→ What is required
Lines before the one containing "Calça com caimento" are not copied; that line and every one after it, through the end of the material below, are printed exactly, without pictures.

-- Supplied data follows --

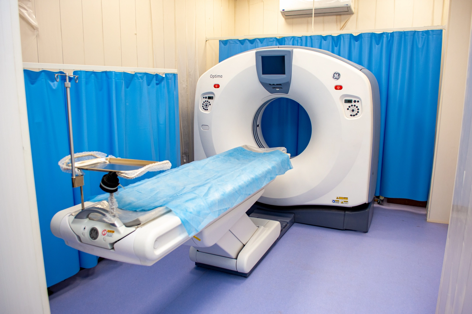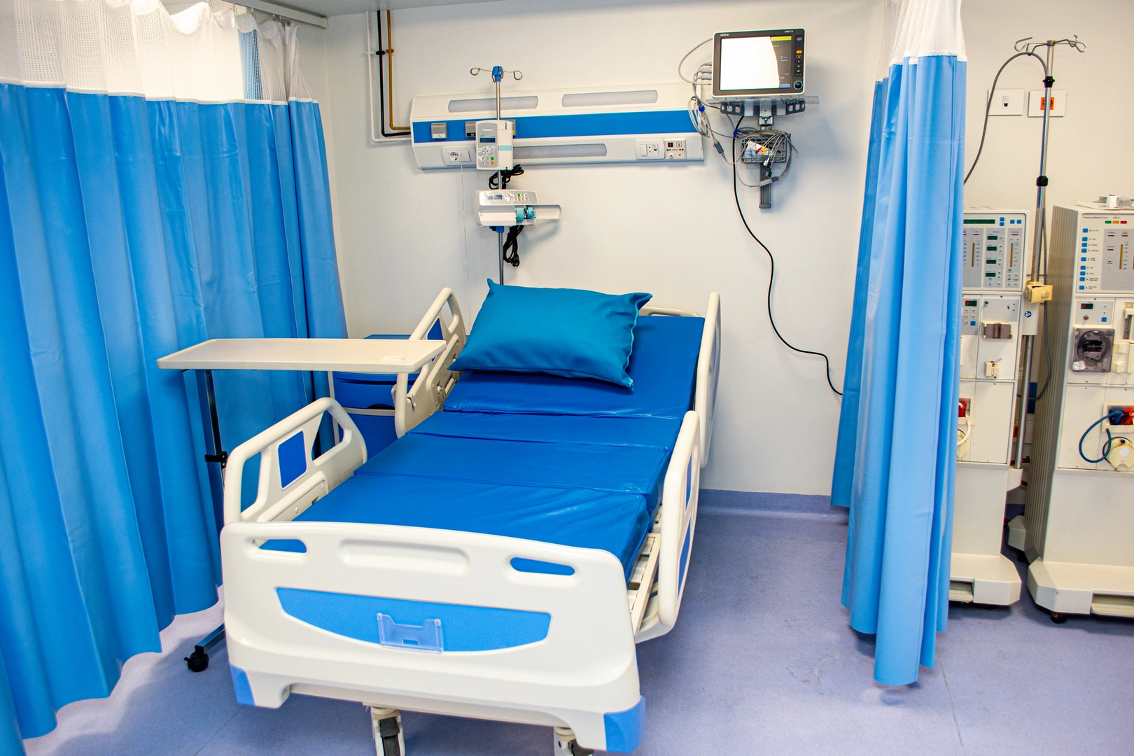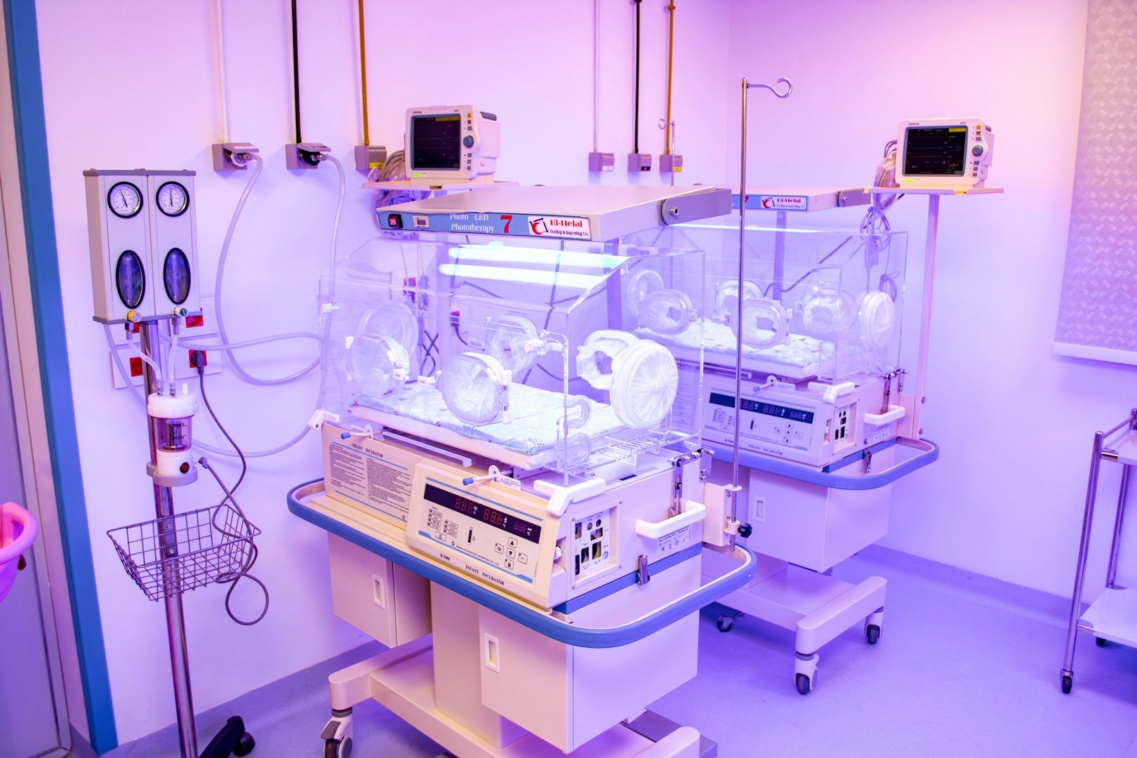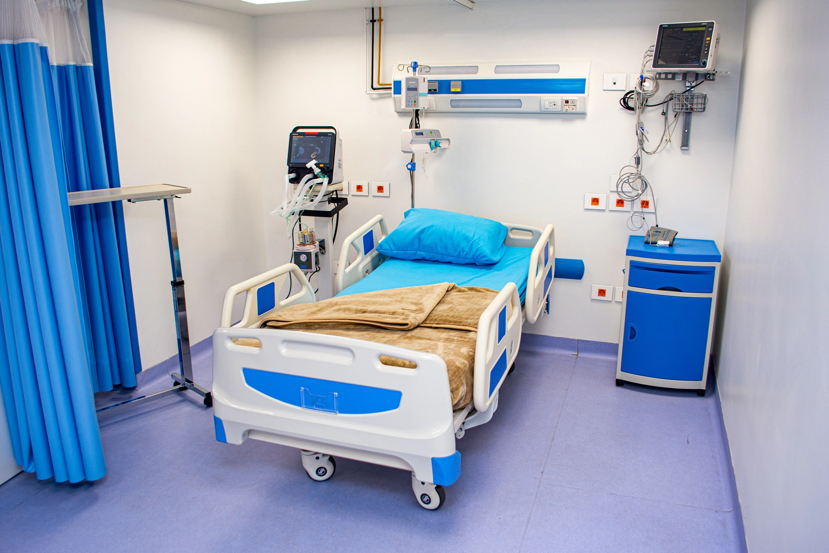 A photograph of AlMOMAIZ Hospital, Egypt’s leading hospital, a sprawling complex featuring extensive facilities across multiple floors, including a large number of rooms, modern operating theatres, neonatal incubators, a comprehensive diagnostic laboratory, and advanced radiology services.
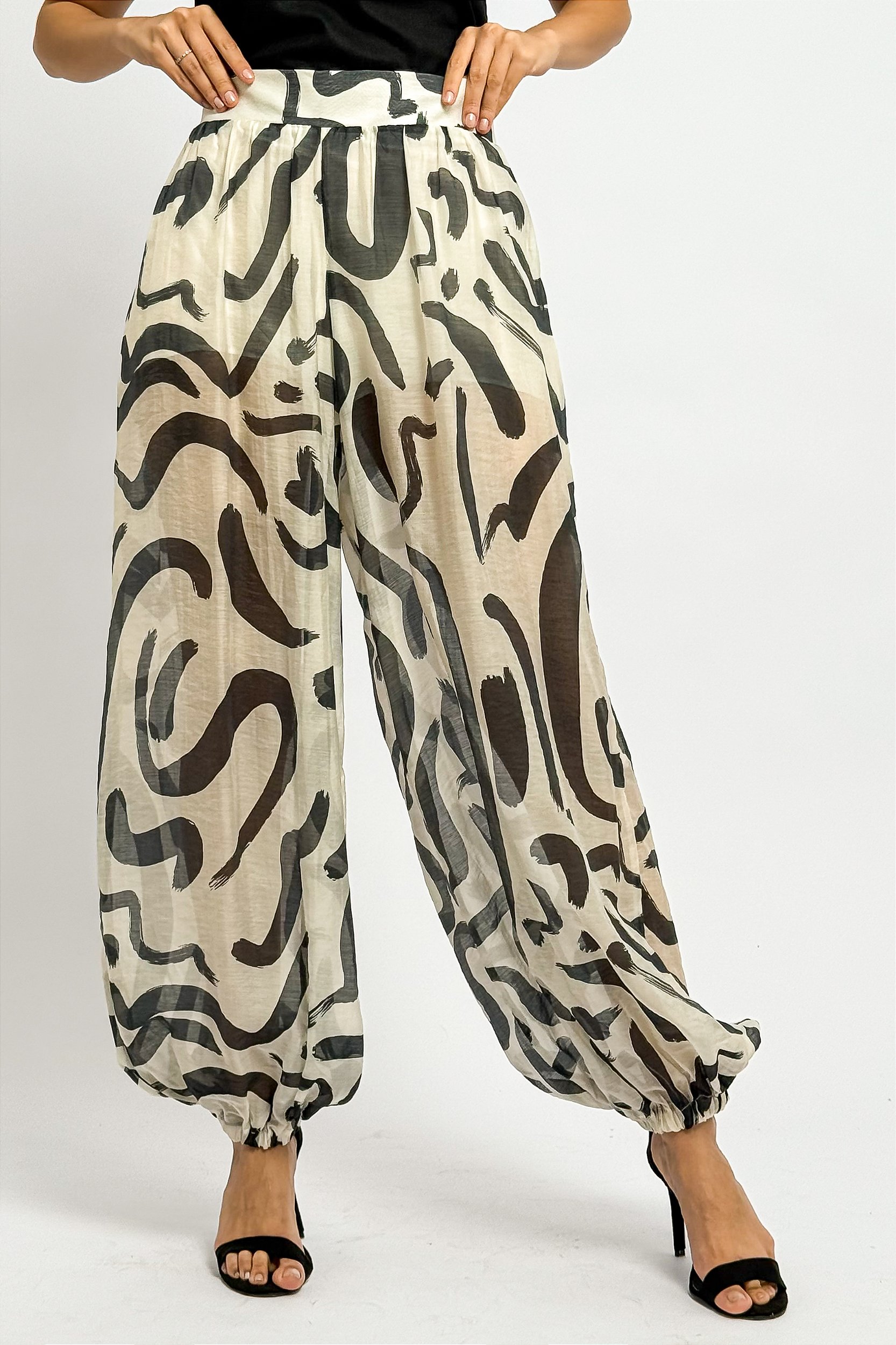 Calça com caimento fluido, tule estampado com desenho abstrato, modelagem
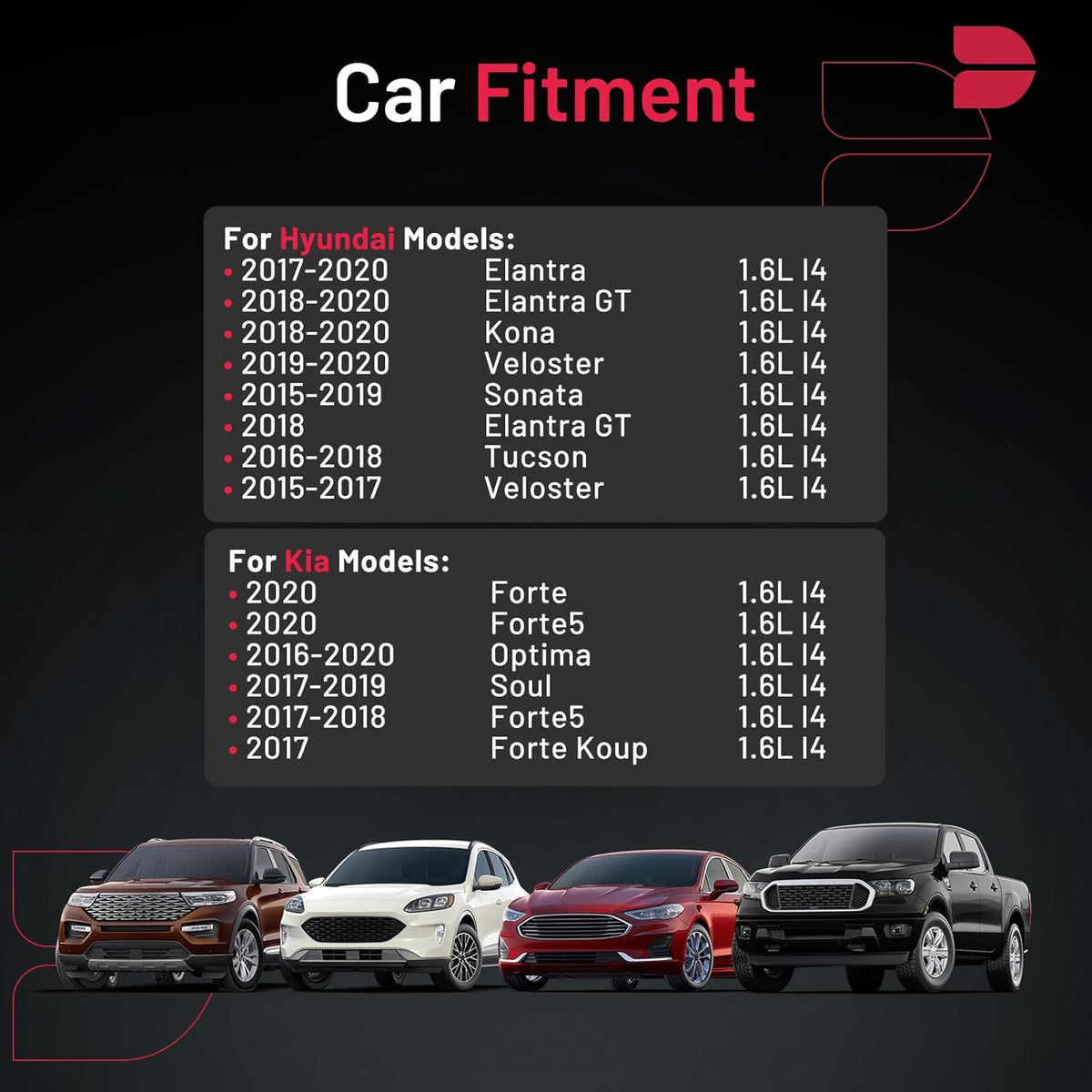 【Compatibility Information】:Spark Plug 97080 Compatible with Hyundai 2017-2020 Elantra, 2018-2020 Elantra GT, 2018-2020 Kona, 2015-2019 Sonata, 2016-2018 Tucson, 2015-2017 Veloster, 2019-2020 Veloster; Compatible with Kia 2020 Forte, 2017 Forte Koup, 2017-2018 Forte5, 2020 Forte5, 2016-2020 Optima, 2017-2019 Soul.Please see images or details page for complete Compatibility information.

-- Supplied data concluded --

→ Written reply
 Calça com caimento fluido, tule estampado com desenho abstrato, modelagem
 【Compatibility Information】:Spark Plug 97080 Compatible with Hyundai 2017-2020 Elantra, 2018-2020 Elantra GT, 2018-2020 Kona, 2015-2019 Sonata, 2016-2018 Tucson, 2015-2017 Veloster, 2019-2020 Veloster; Compatible with Kia 2020 Forte, 2017 Forte Koup, 2017-2018 Forte5, 2020 Forte5, 2016-2020 Optima, 2017-2019 Soul.Please see images or details page for complete Compatibility information.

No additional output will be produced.